There are lots of reasons why email is not the ideal communications forum.  I think the major issue in communication with email is that it’s one-way and asynchronous, and communication by it’s very definition is about EXCHANGE.  People don’t respond for the same reason that voice mails don’t get answered — it’s not an exchange, it’s a dump.  Second, most emails are one-and-done, or result in too many back-and-forth responses to be efficient, and people miss the entire point. Most are poorly constructed, and the action item and desired result are lost in a too-long discourse of details that hide the real issue.  My last reason and my personal passion: since there is really no delivery mechanism, there is little way to get and retain the attention of your audience.  Most people skim read emails to see if there’s a reason to pay attention.  If they listen that way, then the communicator is not doing their job.  It is a rare writer (or topic) that sends an email that is a compelling read.  But a presenter can make the difference with even the most drab subject, and the most alive subject dies at the hands of a lousy presenter.  Either way, it’s the presentation and it’s medium that makes or breaks the message.  Most emails are broken before the send button is ever pressed.

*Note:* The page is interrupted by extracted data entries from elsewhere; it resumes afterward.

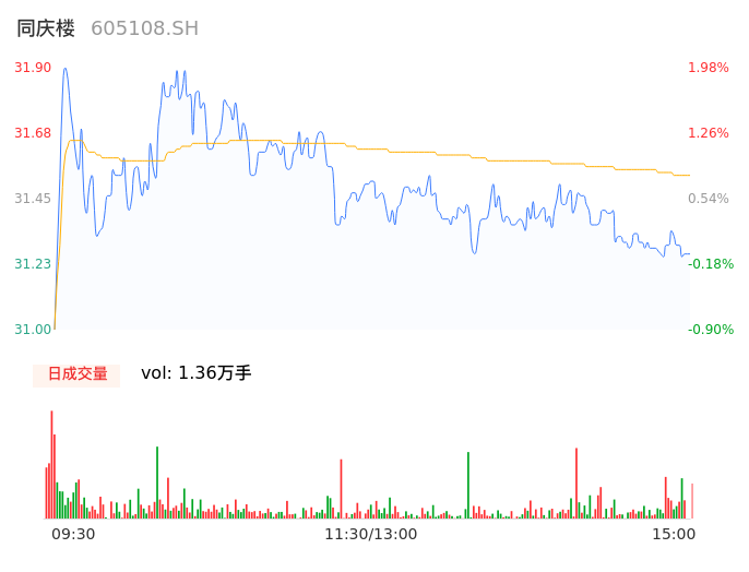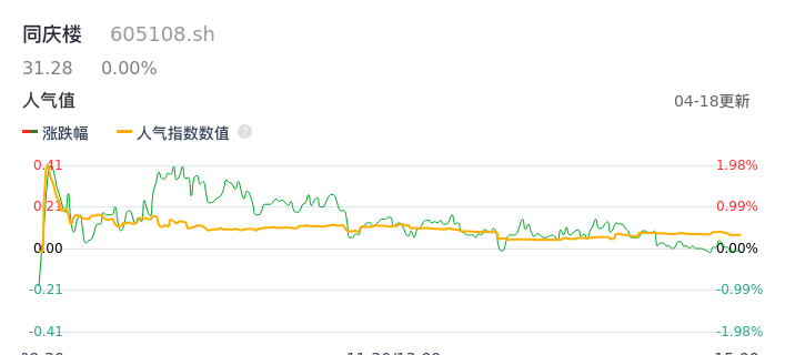04月18日,同庆楼收报31.28,股价涨幅0.00%,成交金额4328.74万元,换手率0.53%。
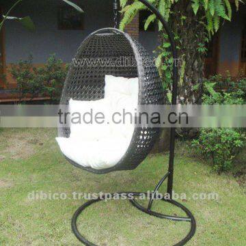 single wicker hanging Chair for outdoor furniture: Aluminum frame , Stand-frame : Steel, PE rattan weaving, cushion and pillowDes. of good : Hanging Egg Chair
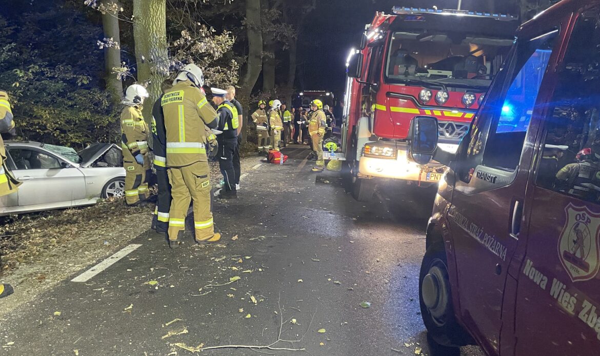 Do zdarzenia doszło w nocy z soboty na niedzielę, około godziny 1:45, na drodze Perzyny – Nowa Wieś Zbąska. Jak informują strażacy z OSP Nowa Wieś Zbąska, po przybyciu na miejsce służby zastały samochód osobowy poza jezdnią. Pojazd miał poważnie uszkodzony przód po uderzeniu w drzewo.
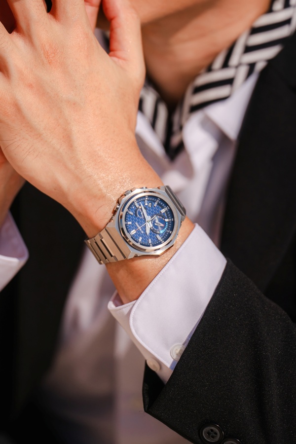 ลวดลายขัดแบบเส้นเดียว (Hairline Finish) โดดเด่นบนพื้นผิวตัวเรือน ขณะที่ขอบตัวเรือนถูกออกแบบให้ ไร้โลโก้ เพื่อสะท้อนความมินิมอลอย่างแท้จริงการผสานเทคนิคขัดผิวแบบ Hairline, Circular และ Mirror Polishing ทำให้เกิดเอฟเฟกต์แสงเงาที่เล่นกับมุมมองอย่างหรูหรา สายสเตนเลสสตีลยังผ่านการขัดผิวอย่างพิถีพิถัน พร้อมตัว
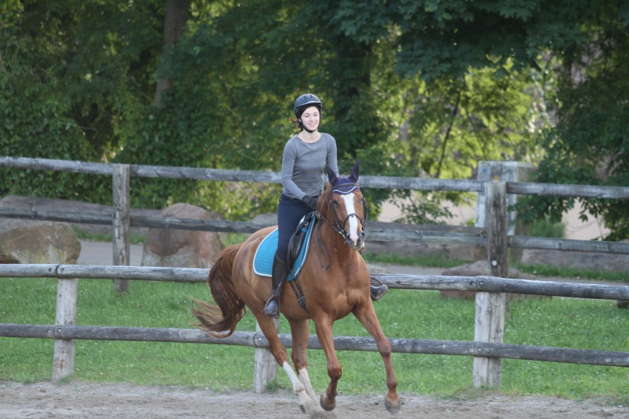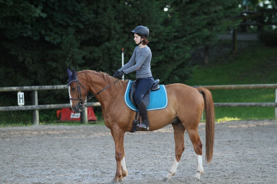 Et puis, pour un cheval qui fait que de l'extérieur, à un bon rythme, depuis 2ans, je comprends pas pourquoi elle peut longer l'autoroute, frôler une tronçonneuse, et bloquer sur une touffe d'herbe! J'ai l'impression que ce qui la ralentit c'est cette crainte du monstre possible. En ligne droite, dégagée, avec un bon sol et sur le retour, j'ai réussi à avoir un bon trotting et un bon galop, mais sinon, elle freine tout le temps ou du moins semble ne pas engager.
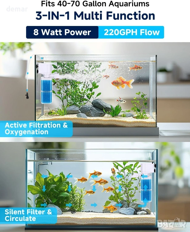 4-в-1 филтър за аквариум, многостепенна филтрация, регулируемо насищане с кислород/вълнообразуване
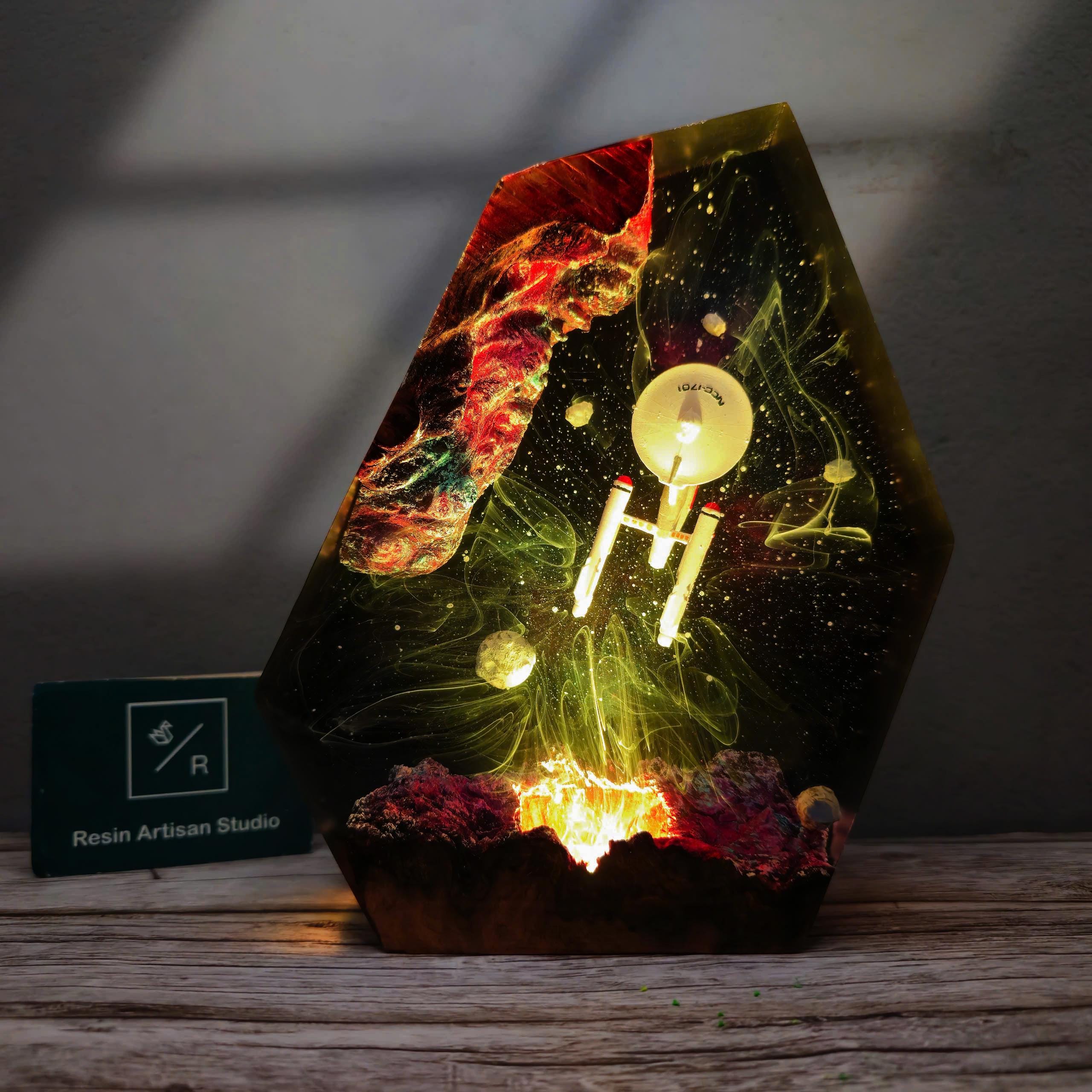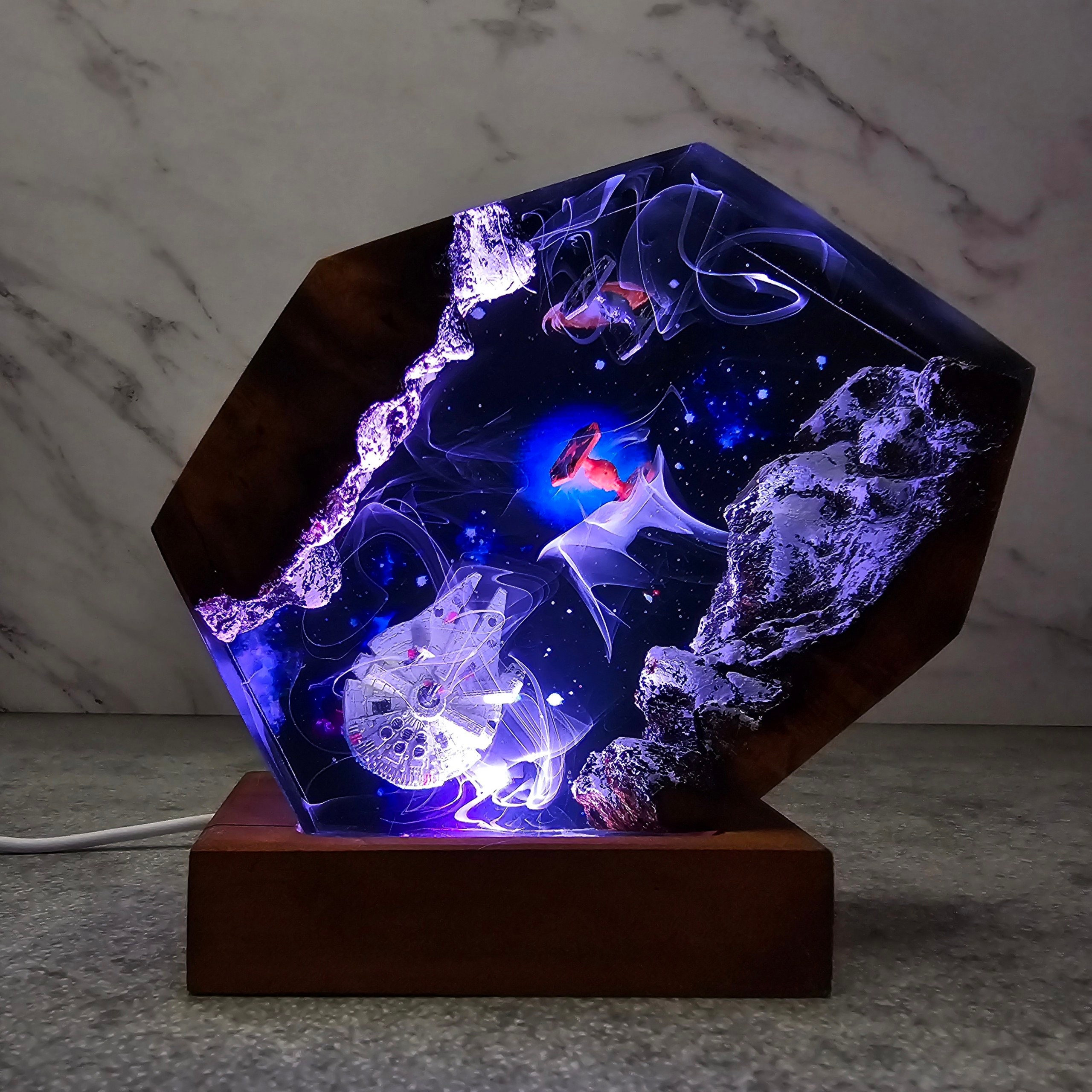 Adquiere tu Lámpara de galaxia espacial de resina y madera, luces nocturnas espaciales, lámpara de noche epoxi para naves espaciales, lámpara de resina interestelar, regalo de Navidad, lámpara en Stock. Disponible para envío inmediato. Envío a todo México. Recibe en 5-7 días hábiles. Compra 100% segura y garantizada.
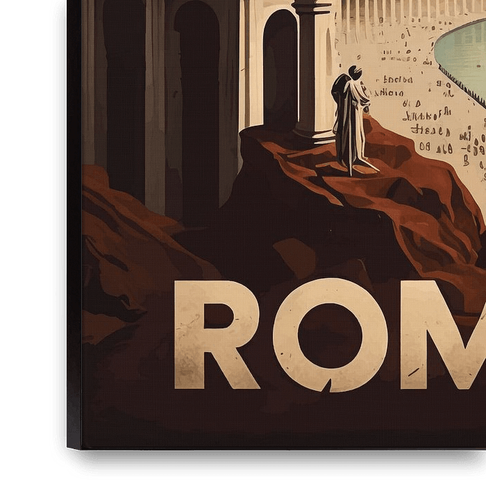 Embarquez pour une aventure inoubliable dans la Ville éternelle. Ce poster capture l'essence de Rome, vous invitant à explorer ses sites historiques, à savourer sa délicieuse cuisine et à faire l'expérience de sa culture vibrante.
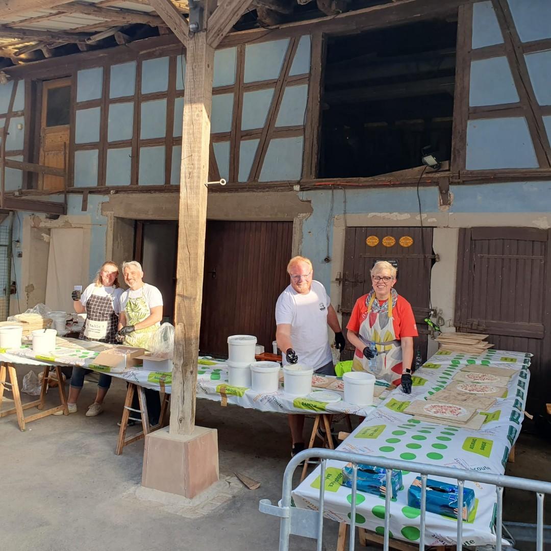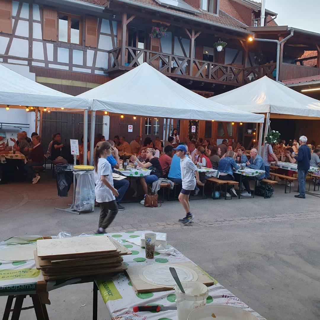 Dix familles et six jeunes bénévoles du village ont aidé Estelle Foucher, présidente de l’association socioculturelle et sportive de Durningen-Kieheim (ASCSDK), au bar, au stand gâteaux et à la tarte flambée. La ferme a dû pousser les murs pour installer un espace restauration supplémentaire et répondre ainsi à l’affluence du midi et du soir.
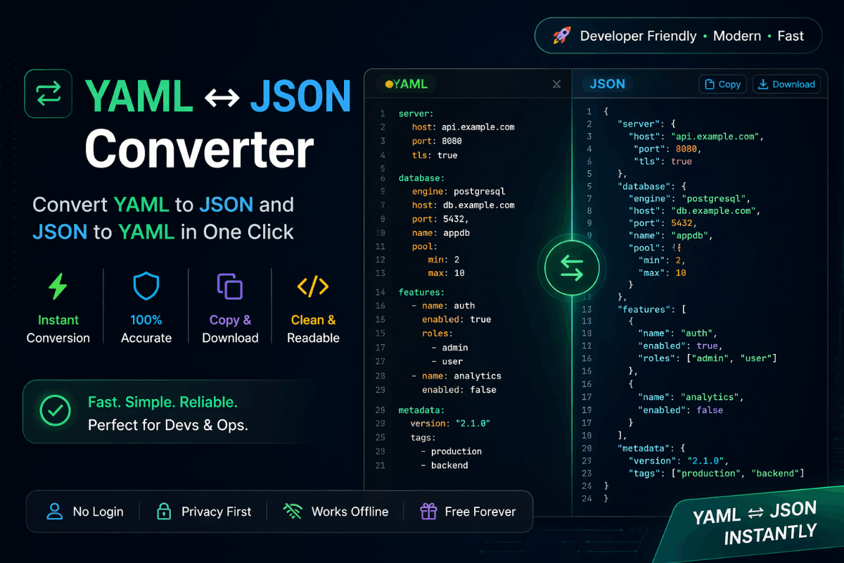 YAML to JSON Converter — JSON to YAML Online Free | Instant ...
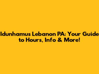 Idunhamu's Lebanon PA: Hours, Info & More!
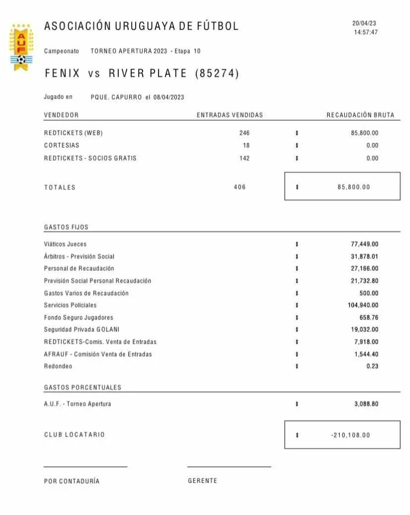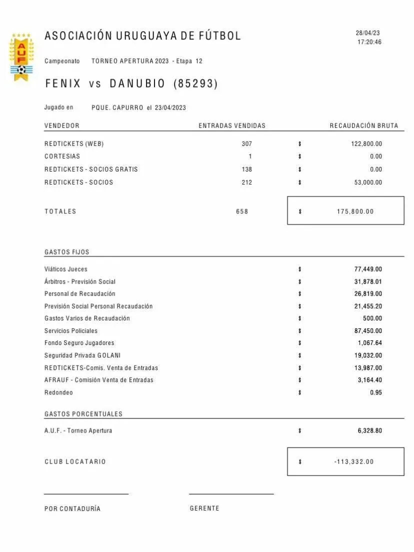 De acuerdo al desglose de ingresos y egresos que la AUF le envió a Fénix, ante Danubio vendieron 658 entradas. Por los servicios de Policía y seguridad desembolsaron $ 106.482, que se repartieron en $ 87.450 en gastos de Policías y $ 19.032 en seguridad privada.

It’s an interesting exercise — imagine a day in your business life where you were not allowed to communicate via email.  How would that change how, how often, what, and why you communicated?  You’d value the time with others, and you’d practice/organize a message that brought impact to the situation.  In short, you’d probably communicate the way you should!

Bottom line:  Email has its place — don’t confuse that place with effective communication delivery and exchange of ideas.

Mixed Messages

I was reviewing a webcast the other day with some folks.  Interesting to see their reaction.  It was postulated that it appeared that the presenters were not in sync with the slides.  Since I had inside information on the preparation of the webcast, I know that that was exactly the case — one presenter had never seen the slides, and the other had changed them up until the last minute before going on the set.  Even people who were not trained presenters noted the problem.

Bottom line:  Practice pays off.  People notice.